Trailer Tuesday: Hereditary
Strange Children and Haunted Dollhouses: Or, My Attempts to Figure Out What the Hell I Just Watched.
When I was a kid, I had a dollhouse that intrigued me with its detail. I only had sporadic moments of “girliness”, but I did rather enjoy finding tiny furniture for each of the rooms and setting them up. I tried to imagine what sort of little people (or beings) would live in the house (my sister and I also regularly watched a cartoon called The Littles) and what daily routines would carry them from room to room and compel them to utilize the tiny replicas of stoves, beds, tables, etc. That may all sound sound rather benign and typical of a prepubescent girl, but you must not forget I was also a weird kid with a taste for the morbid. As I got older, I would let my mind wander to fancies of the dollhouse coming alive with inhabitants that wouldn’t stay put (I never watched The Amityville Horror…this was from my own imagination). Fast-forward to adulthood when I read an M.R. James story that confirmed to me I wasn’t the only one to ever have “day-mares” of haunted dolls and dollhouses. Maybe it’s a sort of “god-complex” that one has creating a simulated environment in a dollhouse that also leads to the inevitable conclusion that we have no real control over our possessions; that even mere toys we create can turn on us.

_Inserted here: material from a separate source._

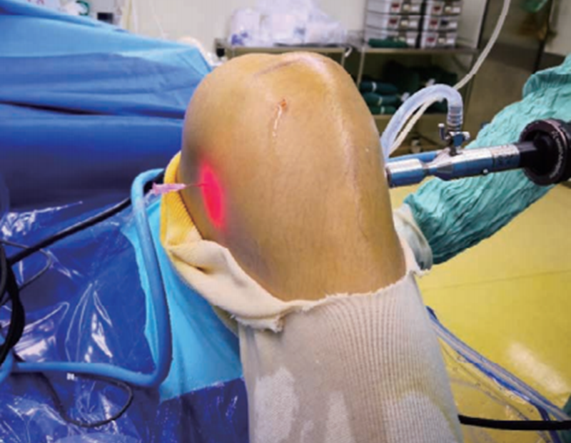 从膝关节后外侧入路经后外侧间室,穿过后纵隔到后内侧间室,光源照射直视下做后内侧入路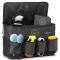 Les fonctionnalités du Sac de Box ne s'arrêtent pas là. Il est équipé de quatre larges poches frontales, idéales pour ranger divers accessoires. Des bandes d'attache avec mousquetons sur un côté et une poche filet de l'autre ajoutent à la polyvalence de ce sac. Facilement fixable à une porte de box grâce à deux mousquetons noirs fournis, il offre une organisation optimale.

On that pleasant note, today’s trailer seems to – I guess – explore the same themes as the James story and my own morbid childhood imagination. We see Toni Collette as a doll (and dollhouse?) maker who is trying to raise her very weird daughter while mourning the death of her mother. She seems to be recreating images from her own life in doll form, maybe as a way to maintain a clearly tenuous grip on her sanity. The movie’s title and a key line in the trailer make me wonder if the “hereditary” trait is madness or evil and if it’s something that grandmother, mother, and daughter all share. Or just the mother. Or just the daughter. No, it seems to be the mother. I honestly have no idea. Milly Shapiro plays the daughter and is a cute kid yet has an old face that’s clearly made up to be even more unsettling. That and her morose stare as she makes clicking noises with her tongue just adds to the uncanniness. My boyfriend and I watched the trailer as part of the previews shown before A Quiet Place, and we pretty much just looked at each other afterward like, “WTF?” Still, don’t let my bemusement turn you off from seeing the film. I won’t. An AV Club review is calling it a “traumatically terrifying horror movie”. I haven’t read the review yet, and I recommend you don’t either until you watch the movie, because kudos to horror movie trailers NOT giving away the whole plot for once.